A title card early on classifies the film as “an act of female imagination,” an inversion of the phrase used to dismiss the women’s claims that they’re being preyed upon; other members of the press here at the Toronto International Film Festival have thrown around the word “parable.” In either case, these explanations for a diction that spoon-feeds the audience ready-made meaning can come off like critical generosity, granted out of goodwill for the righteousness of Polley’s cause. No one would deny that she means well, and there’s not a hint of cynicism in her invoking of timely, topical discourses. If anything, this bruised idealism moves to the fore as her greatest strength and weakness during the final act, which pairs the most tone-deaf moment with the most inspiring.
One man has been permitted to attend the meeting, the respectful schoolteacher August (Ben Whishaw), meant to be an exemplar of good allyship. All too willing to play the beta male, he’s meek and quiet, revealed in these final scenes to be so wracked with gender guilt that he’s considered suicide.
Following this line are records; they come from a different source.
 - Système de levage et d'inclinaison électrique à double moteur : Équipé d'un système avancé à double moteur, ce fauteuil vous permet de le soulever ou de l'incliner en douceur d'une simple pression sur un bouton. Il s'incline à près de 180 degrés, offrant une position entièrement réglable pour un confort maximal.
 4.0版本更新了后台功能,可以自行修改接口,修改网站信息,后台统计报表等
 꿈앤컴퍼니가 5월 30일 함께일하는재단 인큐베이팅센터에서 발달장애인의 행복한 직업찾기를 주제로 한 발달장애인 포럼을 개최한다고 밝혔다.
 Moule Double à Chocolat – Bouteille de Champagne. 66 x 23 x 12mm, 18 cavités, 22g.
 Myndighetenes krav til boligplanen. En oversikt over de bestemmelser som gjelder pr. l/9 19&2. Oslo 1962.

Set aside the implausibility of someone like this actually existing, and he’s still overwrought to an extent that doesn’t serve anyone, including women. For all his gestures of support — such as adding “women” to a list of things that are good — he’d help most by treating them and himself in a less self-flagellating fashion. (In the novel, he was conceived through this same program of institutionalized rape, a dark wrinkle to the backstory that Polley elides, yet Whishaw seems to use as the focal point for his whole performance.)
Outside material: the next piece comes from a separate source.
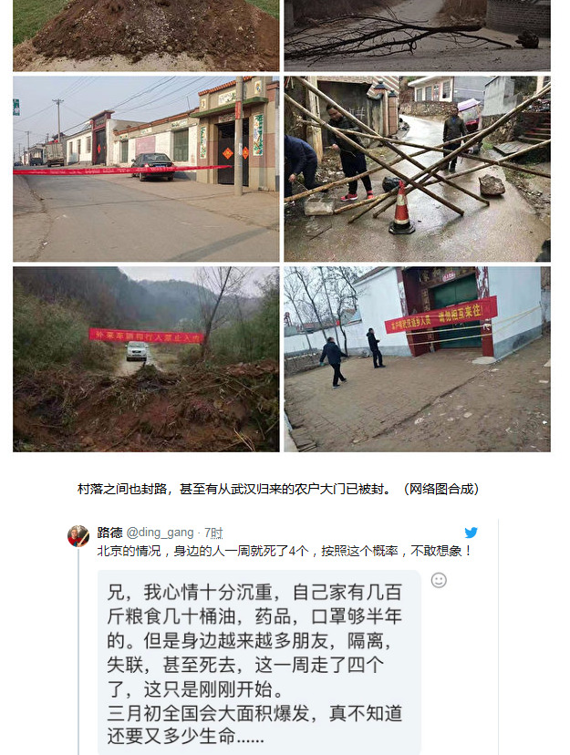 近日来,网上广传各地封路的大量照片和视频,最初是与湖北省相邻的河南、江西等省份,民众和地方政府自行制造路障,甚至调来挖土机挖开道路,以阻止武汉和湖北省的车通过,河南到湖北的所有大路和乡村小道全部挖断。
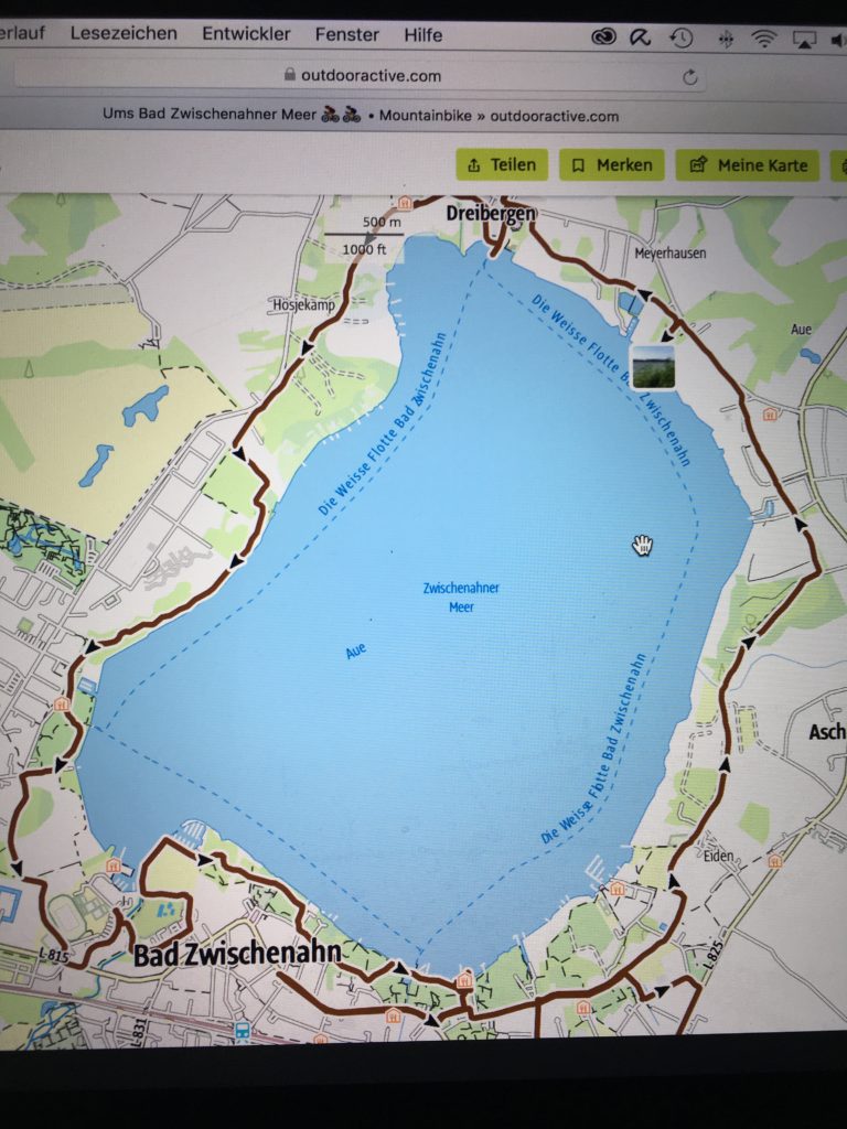 Eine schöne Tour haben wir vor ein paar Wochen unternommen, gestartet in Bad Zwischenahn. Einmal rund um das Zwischenahner Meer, so um die 25 km. Alle Wege waren Waldwege, kein Asphalt oder Pflaster, nein es hat richtig Spass gemacht. Zwischendurch konnten wir eine wunderschöne Aussicht auf das Zwischenahner Meer genießen.

Shortly afterward, the women leave as they must, a foregone conclusion un-spoil-able in its inevitability. In a stunning final tableau, they line up the wagons and forge ahead into the unknown, an image that conjures both Moses leading his people through the parted Red Sea and the early American pioneers who settled the untamed West. She fits her own divestment from Hollywood into a longer lineage of rebellion from people with no other option than to invent their own better way forward. So long as women have their convictions, men can hold no monopolies on transcendence, whether through God or art. That rich symbol of the caravan heading toward the promise of tomorrow suggests that whatever your passion might be, there’s minimal difference in the fight for your piece of it. Only after repeatedly stating this much in stark terms didactic to the point of awkwardness does she find a subtler, more poignant method of expression. With this final beat, Polley smoothly synthesizes all of the thematic registers in which she sets out to operate, a deft weaving absent from much of what precedes it.